> [EXTRACTED MATERIAL]
* * *

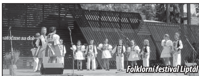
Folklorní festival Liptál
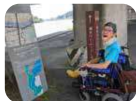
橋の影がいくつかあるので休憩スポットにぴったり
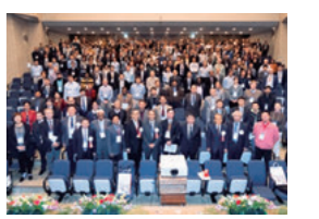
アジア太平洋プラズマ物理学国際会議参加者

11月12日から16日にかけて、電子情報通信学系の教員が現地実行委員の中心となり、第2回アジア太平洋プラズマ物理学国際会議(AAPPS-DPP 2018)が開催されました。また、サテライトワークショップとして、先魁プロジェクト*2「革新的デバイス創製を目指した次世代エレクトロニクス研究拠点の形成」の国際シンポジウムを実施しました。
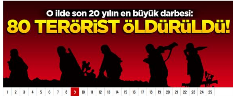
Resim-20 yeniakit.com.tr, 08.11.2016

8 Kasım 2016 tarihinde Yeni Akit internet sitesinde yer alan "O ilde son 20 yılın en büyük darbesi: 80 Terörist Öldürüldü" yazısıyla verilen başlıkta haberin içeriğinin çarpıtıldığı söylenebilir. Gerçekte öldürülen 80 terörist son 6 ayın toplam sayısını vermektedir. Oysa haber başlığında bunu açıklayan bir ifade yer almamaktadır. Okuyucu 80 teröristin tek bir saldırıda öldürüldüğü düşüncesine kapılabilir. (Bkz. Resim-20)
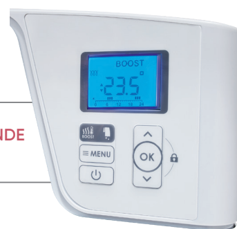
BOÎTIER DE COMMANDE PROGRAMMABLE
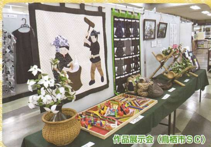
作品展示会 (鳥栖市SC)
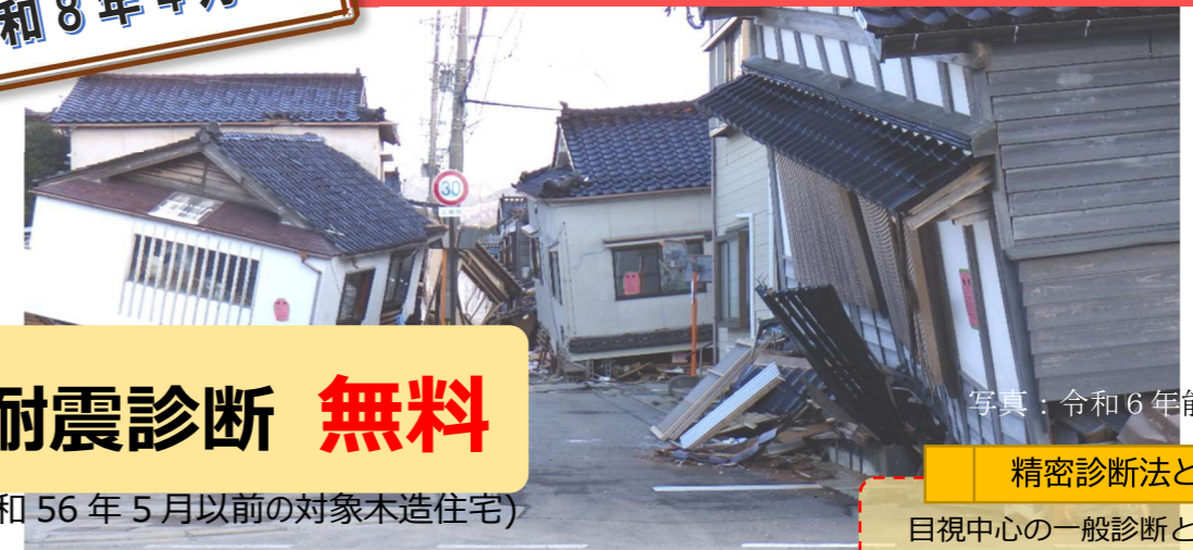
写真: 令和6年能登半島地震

* * *

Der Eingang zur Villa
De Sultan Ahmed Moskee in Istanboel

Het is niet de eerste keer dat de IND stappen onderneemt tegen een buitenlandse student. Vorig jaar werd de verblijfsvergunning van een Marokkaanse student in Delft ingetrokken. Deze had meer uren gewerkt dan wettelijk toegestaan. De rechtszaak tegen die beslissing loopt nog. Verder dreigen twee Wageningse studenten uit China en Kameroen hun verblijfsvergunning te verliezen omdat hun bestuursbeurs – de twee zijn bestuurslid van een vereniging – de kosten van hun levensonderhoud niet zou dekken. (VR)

* * *

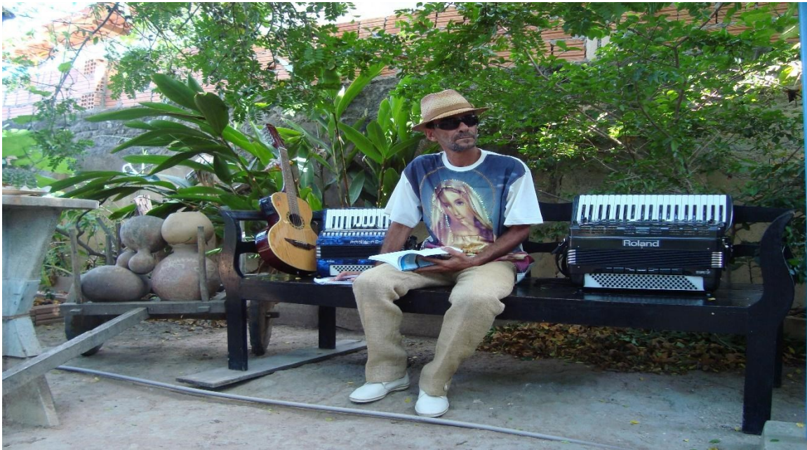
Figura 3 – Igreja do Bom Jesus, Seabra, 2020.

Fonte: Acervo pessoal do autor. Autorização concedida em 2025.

* * *

> [WHAT IS EXPECTED] Reproduce, exactly and only, the lines of the records above starting at the line with "Folklorní festival Liptál" and ending at the line with "Resim-20 yeniakit.com.tr, 08.11.2016", both included. Leave every picture out.

> [ANSWER BELOW]
Folklorní festival Liptál
橋の影がいくつかあるので休憩スポットにぴったり
アジア太平洋プラズマ物理学国際会議参加者

11月12日から16日にかけて、電子情報通信学系の教員が現地実行委員の中心となり、第2回アジア太平洋プラズマ物理学国際会議(AAPPS-DPP 2018)が開催されました。また、サテライトワークショップとして、先魁プロジェクト*2「革新的デバイス創製を目指した次世代エレクトロニクス研究拠点の形成」の国際シンポジウムを実施しました。
Resim-20 yeniakit.com.tr, 08.11.2016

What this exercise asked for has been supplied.